La France, pays de choix pour les investissements des groupes italiens

En mettant la main sur Carte Noire, le torréfacteur Lavazza a fait de la France son deuxième marché / © GETTY IMAGES NORTH AMERICA/AFP/Archives / Tibrina Hobson
La presse italienne se désole régulièrement de la déferlante française sur ses entreprises. Pourtant, celles-ci ne cessent d’accroître leur présence dans l’Hexagone, qui arrive en tête de leurs préférences à l’issue d’une année 2016 record.

Le nombre de projets italiens lancés en 2016 en France a ainsi augmenté de 68% sur un an, passant de 84 à 141, selon des chiffres détaillés mercredi à Milan (nord) par l’Ambassade de France en Italie et Business France.

Ces projets, qui se répartissent entre création d’entreprises, extension de sites ou reprise d’entreprises en difficulté, ont permis la création ou le maintien de 3.228 emplois, dans des domaines aussi divers que l’agriculture, le transport, la logistique ou la métallurgie.

Avec ce résultat, le meilleur atteint depuis dix ans, la France conforte sa place de premier pays où investissent les entreprises italiennes à l’étranger (29% des projets contre 25% en 2015).

Selon Paul Hunsinger, ministre conseiller pour les affaires économiques basé à Rome, trois raisons fondamentales expliquent ce « grand intérêt des entreprises italiennes: le dynamisme des entrepreneurs italiens; l’attractivité de la France grâce aux nombreuses réformes engagées et aux mesures prises pour faciliter les investissements étrangers », et le fait que les relations entre Rome et Paris sont « excellentes ».

En 2016, 1.117 projets d’investissements étrangers ont été lancés en France. Les Etats-Unis arrivent en tête avec 16% du total, suivis de l’Allemagne (17%) et de l’Italie (13%).

Deux régions françaises accueillent plus de la moitié de ces investissements italiens, l’Ile-de-France et l’Auvergne-Rhône-Alpes. Et sans surprise, ils proviennent en majorité du nord de l’Italie (Lombardie et Piémont).

Plus de 2.000 entreprises italiennes sont présentes en France où elles emploient plus de 100.000 personnes. Dans le sens inverse, quelque 3.200 filiales d’entreprises françaises en Italie emploient plus de 200.000 salariés.

Porte d’entrée sur l’Afrique

La France est le troisième pays investissant dans la péninsule, avec un total de 51 milliards d’euros, tandis que les investissements italiens vers la France s’élèvent à 20,2 milliards.

Une différence qui s’explique par les spécificités de leurs tissus industriels: « la France, qui a plus de grandes entreprises, investit massivement à l’étranger tandis que l’Italie avec son fort tissu de PME exporte davantage », explique Paul Hunsinger.

Alors que l’Italie s’inquiète régulièrement du rachat par la France de ses joyaux, comme Gucci, Fendi ou Parmalat ces dernières années, des opérations importantes ont eu lieu récemment dans l’autre sens.

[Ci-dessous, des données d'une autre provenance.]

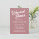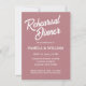 Simple style wedding rehearsal dinner invitations that feature white, stylised lettering on a trendy, dusty rose colour background. Edit your invitations by replacing names, date/time, location, and contact info with your own. Select your invitation size and paper style.

Le torréfacteur Lavazza a ainsi mis la main sur Carte Noire, lui permettant de faire de la France son deuxième marché, tandis que Campari s’est emparé de Grand Marnier. Plus récemment le constructeur naval Fincantieri est devenu l’actionnaire principal des chantiers de Saint-Nazaire (STX France).

Le sujet est sensible, à tel point que la fusion entre Luxottica et Essilor a donné lieu à des avis différents, dans la presse des deux pays, sur qui prenait le contrôle de qui…

Mais « voir si la France achète l’Italie ou si l’Italie achète la France n’est pas un sujet intéressant. Ce qui compte c’est le développement économique », estime ainsi Riccardo Samiolo, directeur financier du groupe italien Came, qui a investi en France.

Les atouts de l’Hexagone? Etre notamment « un point d’entrée vers les pays de l’Afrique sub-saharienne et du Maghreb », dit-il, en soulignant que « la France apprend comment approcher ces pays » et « la manière d’exporter » pour ceux voulant commencer à le faire.

Autres forces: « il est facile de travailler en France. Elle offre un environnement économique +clair+ et régulé », ajoute M. Samiolo.

Philippe Pereyron, directeur général opérationnel de SoluStil, groupe en difficulté ayant été racheté dans sa majorité en février par l’italien Cellino à ArcelorMittal, souligne que cette opération est « une vraie réussite ».

« Au début, nous étions inquiets… Mais on a vite compris que leur intention était de développer le groupe et notre clientèle. Nous avons retrouvé la confiance de nos anciens clients et notre chiffre d’affaires augmente », se félicite-t-il, en soulignant que le dialogue et les prises de décisions sont beaucoup plus simples et rapides que dans un grand groupe international.